初步解读与实现大数运算Exponentiation
Exponentiation
Time Limit: 1000/500 MS (Java/Others) Memory Limit: 65536/32768 K (Java/Others)
Total Submission(s): 2475 Accepted Submission(s): 669
Problem Description
Problems involving the computation of exact values of very large magnitude and precision are common. For example, the computation of the national debt is a taxing experience for many computer systems.
This problem requires that you write a program to compute the exact value of Rn where R is a real number ( 0.0 < R < 99.999 ) and n is an integer such that 0 < n <= 25.
Input
The input will consist of a set of pairs of values for R and n. The R value will occupy columns 1 through 6, and the n value will be in columns 8 and 9.
Output
The output will consist of one line for each line of input giving the exact value of R^n. Leading zeros should be suppressed in the output. Insignificant trailing zeros must not be printed. Don't print the decimal point if the result is an integer.

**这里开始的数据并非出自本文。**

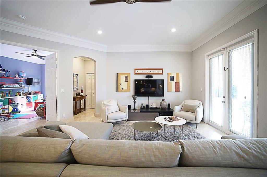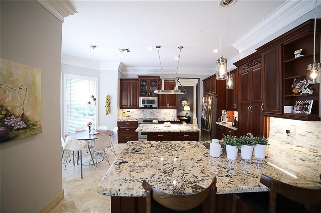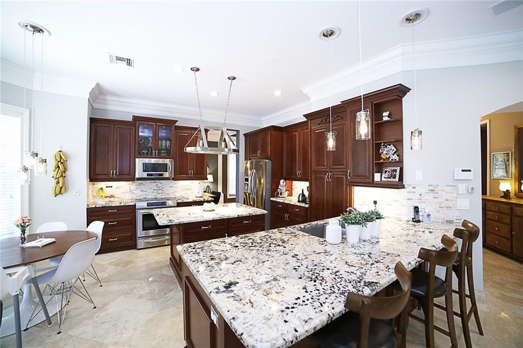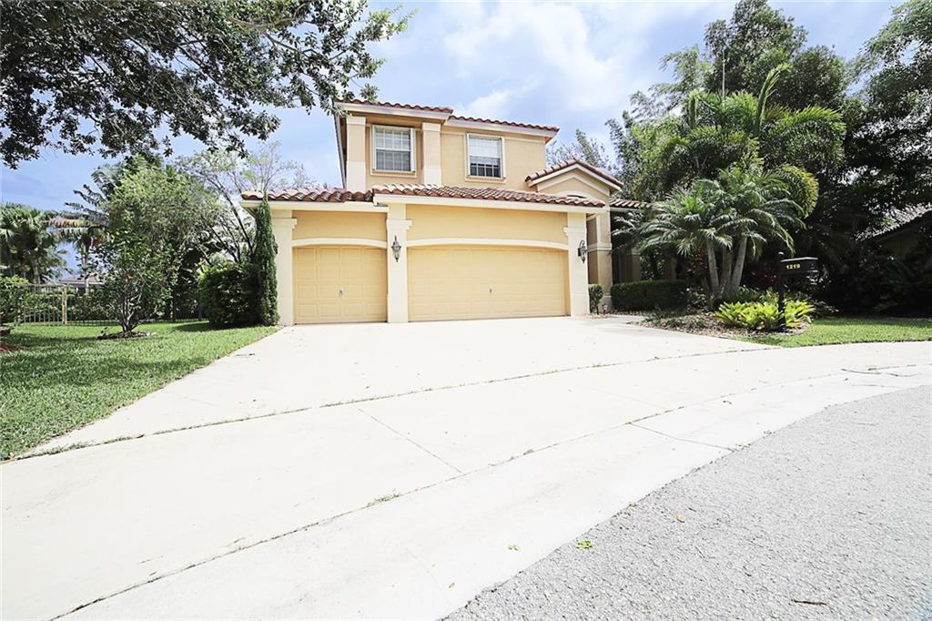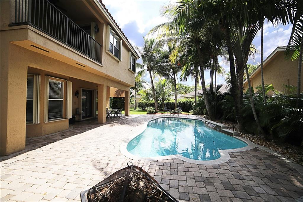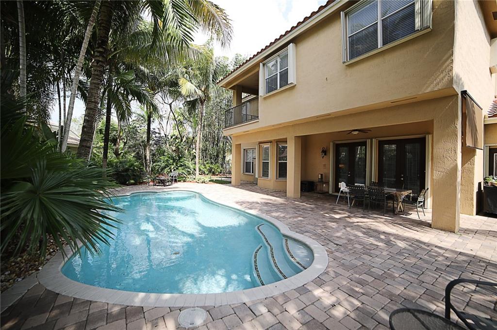 Enjoy this totally remodeled beauty that features five bedrooms in two stories. One bedroom, a Den and a full bathroom is in the first floor. Marble and wood floors in first floor. Granite counters and Stainless Steel Kitchen. This model is framed in a pie shaped expanded private lot located in a Cul-de-Sac. Recently updated A/C and water heater. Laminate floors in the second story. Renovated swimming pool. Accordion Hurricane Shutters. Guard gated community. Full of amenities.
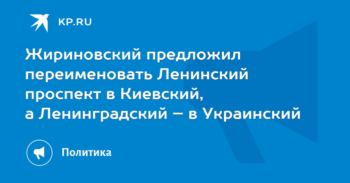«Мы не будем переименовывать, а наоборот добавим ещё. У нас есть станция метро «Киевская», Киевский вокзал, сделаем ещё Киевский проспект. Ленинский проспект в столице переименуем в Киевский, а Ленинградский проспект переименуем в Украинский. Будем называть улицы и площади не только в Москве, но и в регионах всеми городами Украины, чтобы Львовская была, Житомирская», — сказал он в интервью РСН.
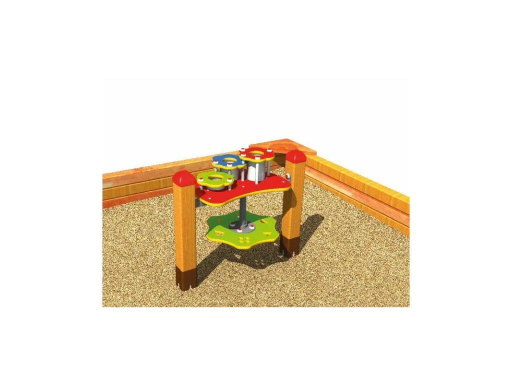 Hrací stoleček zpestří dětem hru na písku. Obsahuje 3 násypky různých velikostí a otočný přesýpací kruh.
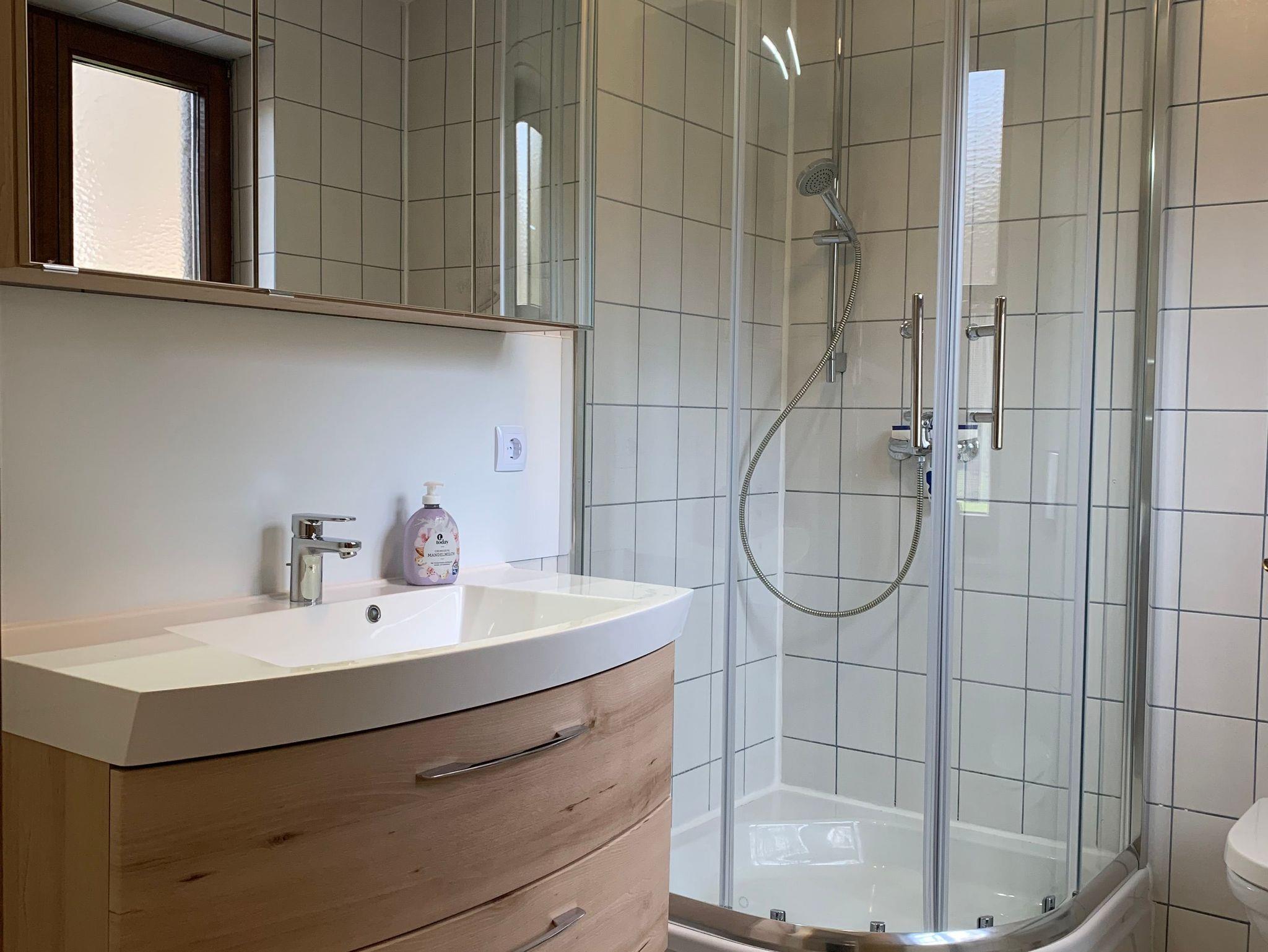 Im Badezimmer steht Ihnen eine Dusche, ein Kosmetikspiegel sowie ein Föhn zur Verfügung.
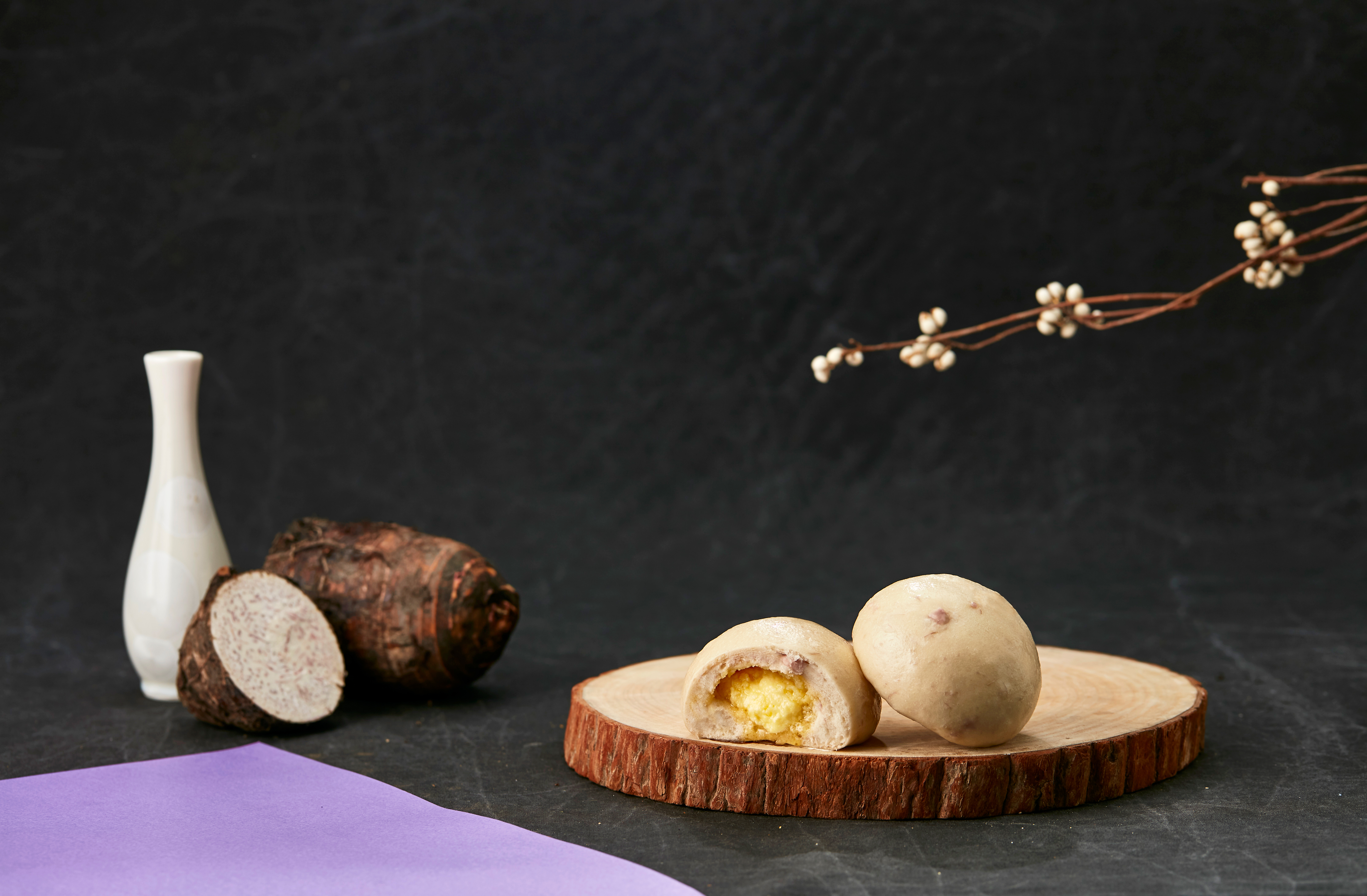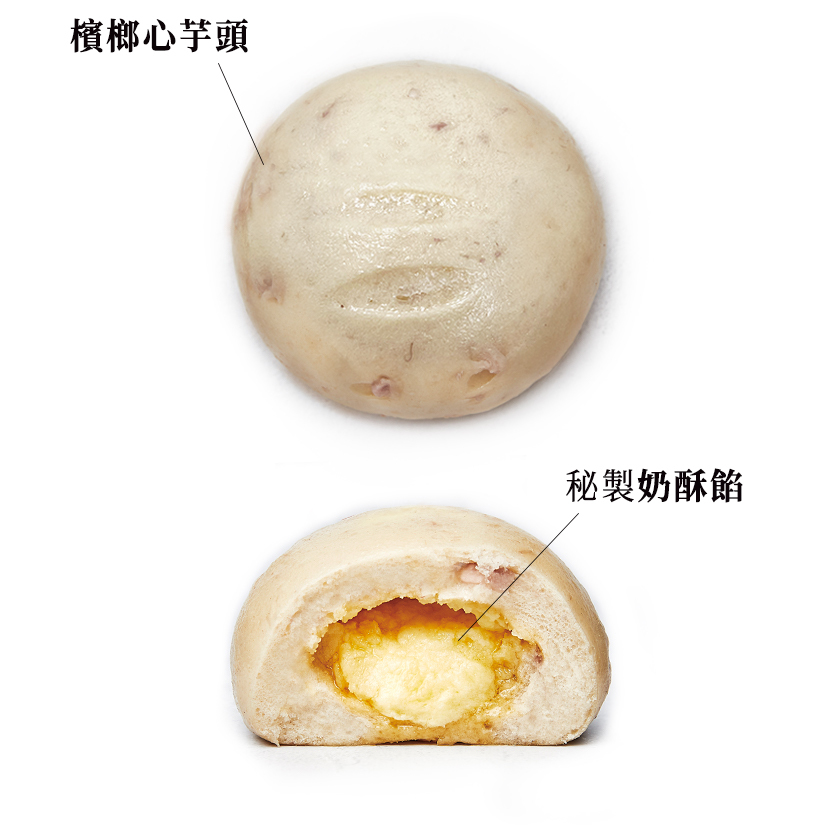 不甜不膩的秘製奶酥餡,融化在揉有檳榔心芋頭丁的Q彈麵皮中。
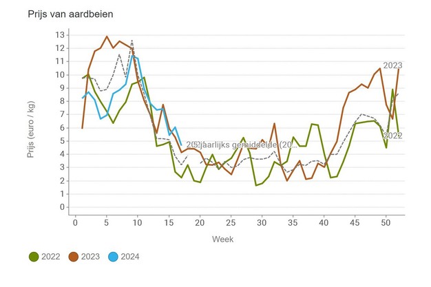 De middenprijs voor aardbeien komt in week 18 over de hele linie met diverse rassen uit op 4,22 euro per kilo. Elsanta noteert 4,23 euro en Sonsation afgerond 4,62 euro per kilo. Prijzen die net boven het vijfjarig gemiddelde liggen. De producties in de aardbeien liggen na een donkere periode nog wat achter.
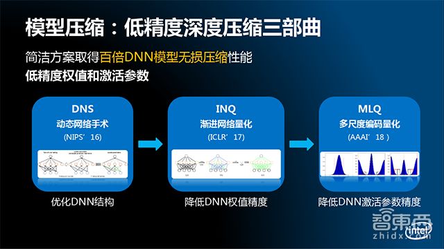 英特尔在此方向上提出了一套低精度的深度压缩解决方案,它可以将DNN的权重参数和激活值表述成低精度的二进制表示,并且,可以实现百倍级的无损压缩,这样就为深度学习推断在硬件和软件上的加速奠定了基础。

感觉这种大数处理的题目越来越多了,但是也是越来越喜欢这种进位的算法了,还有数组,字符等的处理,感觉以后也会越来越熟练的。下面是我根据网上的代码做出了相应的详解,也是越来越了解该类的编程思维了吧。
#include <stdio.h>
#include <stdlib.h>
#include <string.h>
int num[10], result[200], len, flag = 0, cnt1;
int char_to_int( char *s ) /*将字符型数组s中的数据复制到整型数组num中,且返回小数位数*/
{
int i, dian = 0, j, jihao;
memset(num,0,10*sizeof(int)); //将数组num内的各个数据设为0
len = strlen(s); //len为字符数组s的长度
//printf( "%s\n", s );
//printf( "%d\n", len );
cnt1 = 0; //cnt为0
for( j = len - 1; j >= 0; j-- )
if( s[j] == '.' ) //找到字符数组s中‘.’的地址,即为jihao
jihao = j;
for( j = len - 1; j > jihao; j-- )
if( s[j] != '0' ) //将j指向数组s中数据的起始位置,既有s【0~j】内存放的为有效数据
break;
//printf( "%d\n", j )
for( i = j; i >= 0; i--)
if( s[i] != '.' )
num[cnt1++] = s[i] - '0'; //将字符型数据转化为整型并放入num中,忽略小数点,并且从高位到低位的顺序为j-1~0;
else
dian = j - i;
/*for( i = 0; i < cnt1; i++ )
printf( "%d", num[i] );
printf( "\n%d\n", dian );*/
return dian; //返回有几位小数
}
int bignummulti( ) //将result数组乘上上num数组,调整好位数状态,将结果存入result数组
{
int i, j, temp[200];
memset(temp, 0 ,200*sizeof(int)); //初始化temp数组为零数组
for( i = 0; i < len; i++ ) //按乘法竖式来思考的到的是result数组与怒骂数组的乘积
for( j = 0; j < 200; j++ )
temp[i+j] += result[j] * num[i];
for( i = 0; i < 200; i++ ) //temp数组的进位操作
if( temp[i] >= 10 )
{
temp[i+1] += temp[i] / 10;
temp[i] = temp[i] % 10;
}
for( i = 0; i < 200; i++ ) //temp数组内的数据全部复制给result数组。
result[i] = temp[i];
return 0;
}
int main(int argc, char *argv[])
{
int n, dian, i, cnt, j;
char s[10];
memset(s,0,sizeof(s));
while( scanf( "%s %d", &s, &n )!=EOF )
{
dian = char_to_int( s ) * n;
memset(result,0,200 * sizeof(int));
result[0] = 1;
for( i = 1; i <= n; i++ ) //进行n次自乘,达到指数方程的解。
bignummulti();
for( i = 199; i >= 0; i-- ) //i和j分别指向高位的有效数字和低位的有效数字,为了防止多余的0输出
if( result[i] != 0 )
break;
for( j = 0; j < dian; j++ )
if( result[j] != 0 )
break;
if( dian > i ) //如果得到的结果是纯小数,需要在dian的前面补一个零,
{ //输出小数点,之后再补零,直到补到i之后再依次输出数字。
if( i == -1 )
printf( "0" );
else
printf( "." );
cnt = dian - (i + 1);
while( cnt-- )
printf( "0" );
for( ; i >= j; i-- )
printf( "%d", result[i] );
}
else //如果不是纯小数,依次输出每位i到j数字,
for( ; i >= j; i-- )
{ //如果遇到dian,输出小数点,如果没有遇到,则说明是整数。
if( i == dian-1 )
printf( "." );
printf( "%d", result[i] );
}
printf( "\n" );
}
//system("PAUSE");
return 0;
}